A Good Woman Is Hard To Find – Film Review

Female led revenge films are nothing new. In fact, you could say that several have surfaced every year since director Meir Zarchi delivered the controversial, I Spit On Your Grave back in 1978. Yes, a lot do exist, but I think I have lost count how many times they have left me leaving the cinema thinking, “Well, I’ve seen that plot a few dozen times now.”

The key to making a film in this genre work, is that the filmmaker must be creative enough to come up with something out of the box and never seen before. This is certainly the case with underrated Irish film A Good Woman Is Hard To Find, a film that seemed to be swept under the carpet as all the attention on the genre over the last twelve months have focused on the epic bomb Peppermint and the brilliant, award-winning The Nightingale.

When it comes to creativity, A Good Woman Is Hard To Find is certainly on par with The Nightingale. Directed by Abner Pastoll (Road Games) the film’s revenge seeker is Sarah (Sarah Bolger – The Spiderwick Chronicles), a young widow who wants answers around the murder of her husband.

Her husband was murdered in a park not far from their home and in front of their son who now has not spoken a word since the incident. Much to Sarah’s anger, the police do not want to know about the case and instead insist on telling her that her husband was most likely living a secret life as a drug dealer – a risky move when you live on the patch run by the notorious and unforgiving drug baron Leo Miller (Edward Hogg – Jupiter Ascending).

Adding to Sarah’s woes is the fact that she is now living in fear of opportunistic thief Tito (Andrew Simpson – Notes On A Scandal), who has managed to steal some of Miller’s stash and now keeps it at Sarah’s home. With her family already suffering, Sarah now must deal with the constant threats of violence that Tito delivers in order to keep her silence.

What I felt separated this film from the many others in the genre, is the great handle that Pastoll has on Oscar nominated Ronan Blaney’s (Don’t Go) screenplay. Blaney has delivered a gem of a script that brings in suspense by the bucketload and then to top that off, Pastoll then brings in his own style of gangster driven film noir that more than kept me on the edge of my seat throughout the film.

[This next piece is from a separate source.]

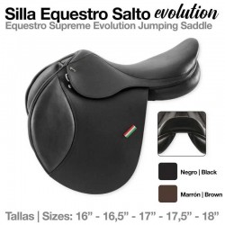 2068 - SILLA EQUESTRO SALTO EVOLUTIONSilla de salto con diseño italiano, fabricada en cuero crupón francés, siendo el armazón italiano de poliéster con refuerzo de acero inoxidable y estribera de...

I should warn potential viewers, Pastoll doesn’t hold back when it comes to violence on-screen. To his credit though, I don’t think the violence was showcased for the sake of being violent, but instead I believe that the graphic violence that the director brings to the screen is there to show the brutal situation and events that Sarah has found herself in. In the wrong hands this could have become a virtual schlock thriller. In the hands of Pastoll, it becomes a well thought out suspense thriller that comes to an epic conclusion with a blood-soaked finale.

Credit also needs to go to the film’s leading lady, Sarah Bolger who is nothing short of sensational in this film. A lesser actress may have felt the need to rest her laurels on the action and suspense of the film, but here Bolger surprised, delivering moments of intense drama and as Sarah in such a way that I could not help but feel sorry for her character.

I found that there was nothing disappointing about A Good Woman Is Hard To Find and I am glad that it has now landed on DVD and VOD, as it made my ‘Top 20 Films Of 2019’ list after I was lucky enough to catch it on the festival circuit.